In keeping with a declared policy of uniformity, our criminal code requires that the way in which a word is defined in chapter 702 shall be the meaning given "wherever it appears in the Code." Iowa Code § 702.1. The Code states that "[a] person is `reckless' or acts recklessly when the person willfully or wantonly disregards the safety of persons or property." Iowa Code § 702.16. In State v. Caldwell, 385 N.W.2d 553, 556 (Iowa 1986), we found no merit in a defendant's allegation that the term recklessness should "expressly require conduct creating a high and unreasonable risk of death." Without saying so *684 the majority has substantially departed from Caldwell here, much to the detriment of future involuntary manslaughter prosecutions.

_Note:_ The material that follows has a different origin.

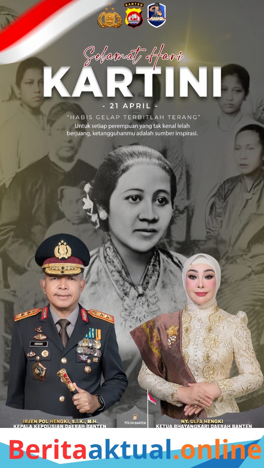 Dalam rangka memperingati Hari Kartini yang jatuh pada 21 April 2026, Kapolda Banten Irjen Pol. Hengki, bersama Wakapolda Banten Brigjen Pol. Dr. Hendra Wirawan, beserta jajaran staf dan Bhayangkari, menyampaikan ucapan selamat kepada seluruh perempuan Indonesia.

The district court, properly applying the statutory definition of recklessness as the standard by which to judge the culpability of Torres' act, found the State proved each of the essential elements of the crime. Torres' act of breaking the lamp was conscious and intentional. He knew or should have known that the large shards of glass left in the doorway of the small room posed a risk of serious injury to anyone attempting to negotiate the threshold. He knew that Brenda's ability to do so was impaired by her intoxication and the beating he had just inflicted. His blows to her head would have likely left her dazed. It was foreseeable that she would inevitably encounter the dangerous condition he had created. The risk of injury was heightened by Brenda's partial state of undress. Taken together, the court found these factors established a sufficient causal relationship between Torres' reckless disregard for the consequences of his act and the probable harm that would result.

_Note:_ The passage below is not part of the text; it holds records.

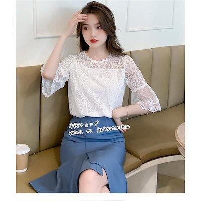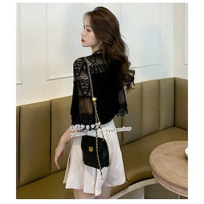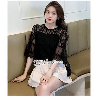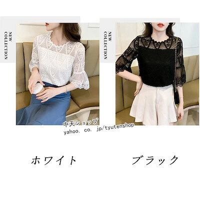 半袖ブラウス シフォン レディース レース花柄 トップス きれいめ 丸首 気質 淑女 デート 着痩せ シースール セクシー 韓国風 夏秋新作 ブラック ホワイト
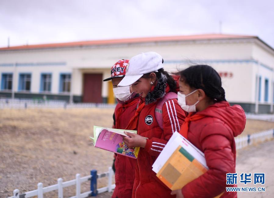 3月16日,在索加鄉寄宿小學,晚餐結束后,青梅才吉(中)和同學在校園內。新華社記者 張宏祥 攝
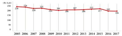 ▲2005年-2017年北京市大生活用水量走势图,城市大生活用水量包括公共服务及居民家庭用水。

The majority concludes, as a matter of law, that the consequence of Torres' act was not foreseeable. But by usurping a decision traditionally left to the fact finder, and by defining the death-causing act so narrowly, the majority has excused conduct that meets the sine qua non test for criminal culpability: but for Torres' conduct, the fatal injury to his wife would not have occurred. State v. Marti, 290 N.W.2d 570, 585 (Iowa 1980). Moreover, I know of no policy in the law that would prevent the otherwise harmless act of breaking a lamp from meeting the test of legal causation given the violent context in which the damage was here carried out. Id.

I would affirm Torres' conviction for involuntary manslaughter.

HARRIS, SNELL and ANDREASEN, JJ., join this dissent.